In 2018, Hetero supplied the active ingredient to some of the companies that had to pull their drugs because they contained NDMA and other similar chemicals. While the recalls started that same year, regulators and industry continued to find additional contamination from chemicals similar to NDMA in the blood pressure pills valsartan, losartan and irbesartan, resulting in recalls that stretched out over almost two years as tainted drugs were identified. The NDMA was likely formed as a part of the manufacturing process for the active ingredients, though drugmakers and regulators didn’t catch the problem for many years.

The FDA declined to address whether it has found drugs that contain azido impurities or if it anticipates any recalls in the U.S.

“We have been closely evaluating this type of impurity, working with manufacturers and foreign authorities, and will continue to investigate and monitor the marketplace and manufacturing efforts to help ensure the availability of safe, quality products for U.S. consumers,” Jeremy Kahn, a spokesman said in an email.

Hetero’s production plant in the Sangareddy district is one of the company’s 10 facilities in India registered with the FDA to help make drugs sold to the United States. It was last inspected in 2018 and received the agency’s worst classification, which means it’s likely the company would have a hard time getting FDA approval to make any new drugs there until it clears up its issues. But the agency typically allows companies with long lists of violations stemming from inspections to continue to make drugs they’re already allowed to produce at substandard plants while they work on fixing their problems.

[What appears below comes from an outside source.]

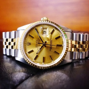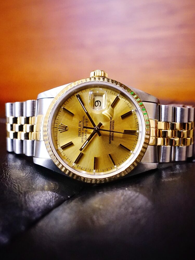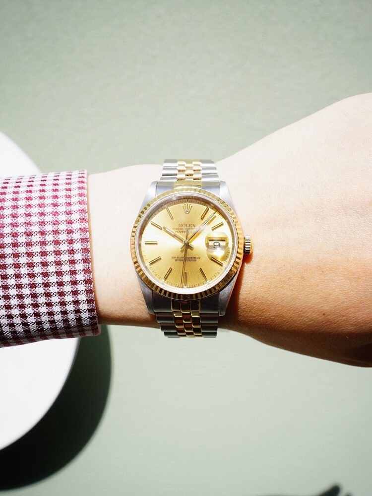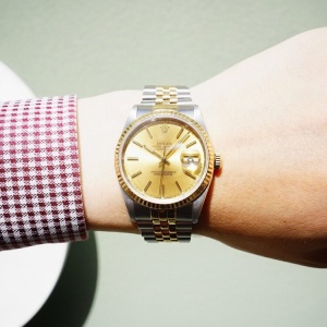 デイトジャストのイエローゴールドコンビに、シャンパンダイヤル。
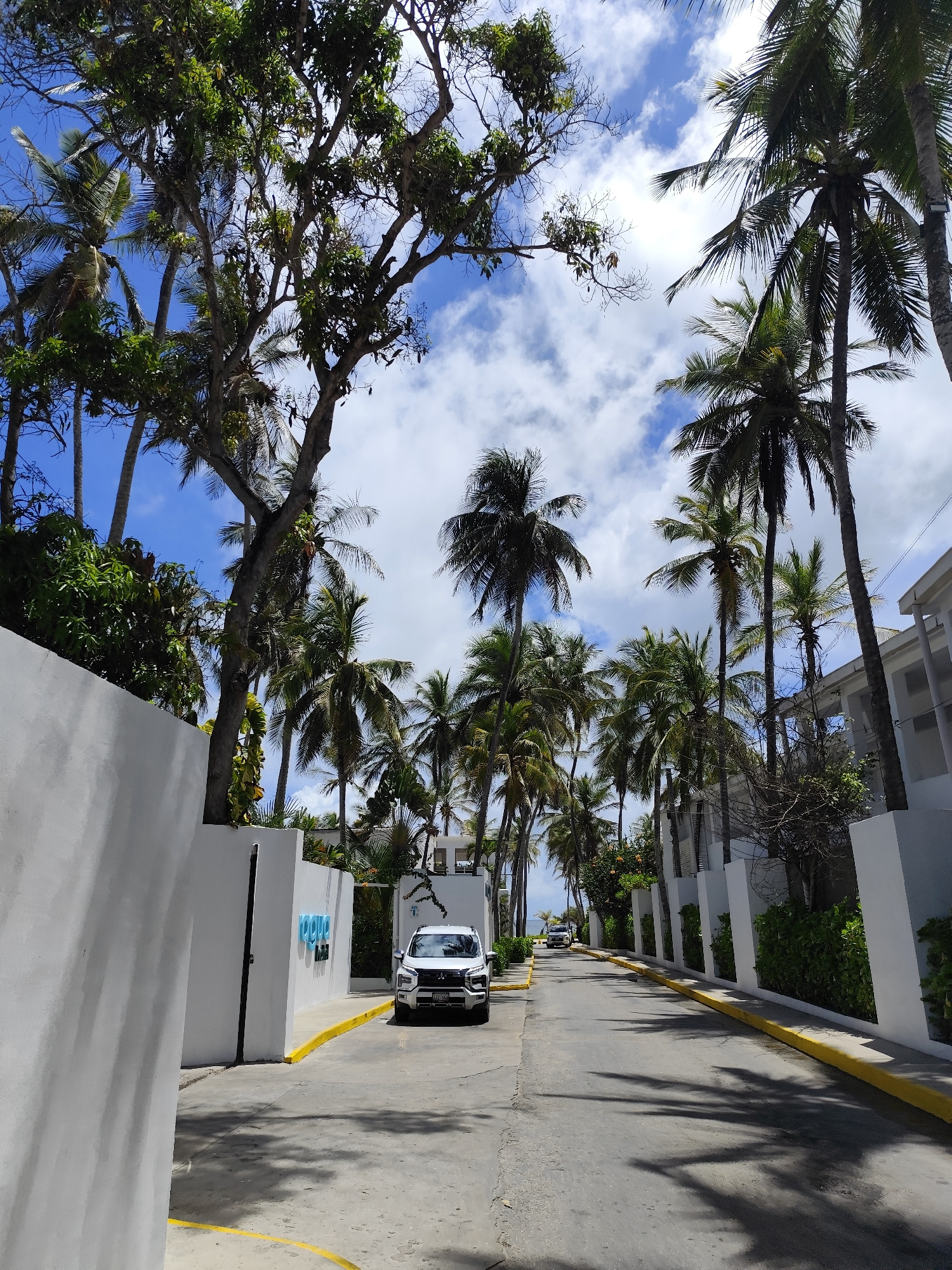 The image shows a street in Playa El Agua, Venezuela. The road is paved and has a yellow curb on both sides. White walls line either side of the street, with vegetation and palm trees visible above th…read more

The documents also point out a material used early in the drug-making process plays a role in creating azido impurities. While Hetero’s production guidelines call for keeping that material to a certain level to avoid forming unacceptable impurity levels, the company’s study used to determine that safe level is faulty, according to the FDA documents.

The FDA, spokesman Kahn said, cannot comment on whether it would take any action against Hetero.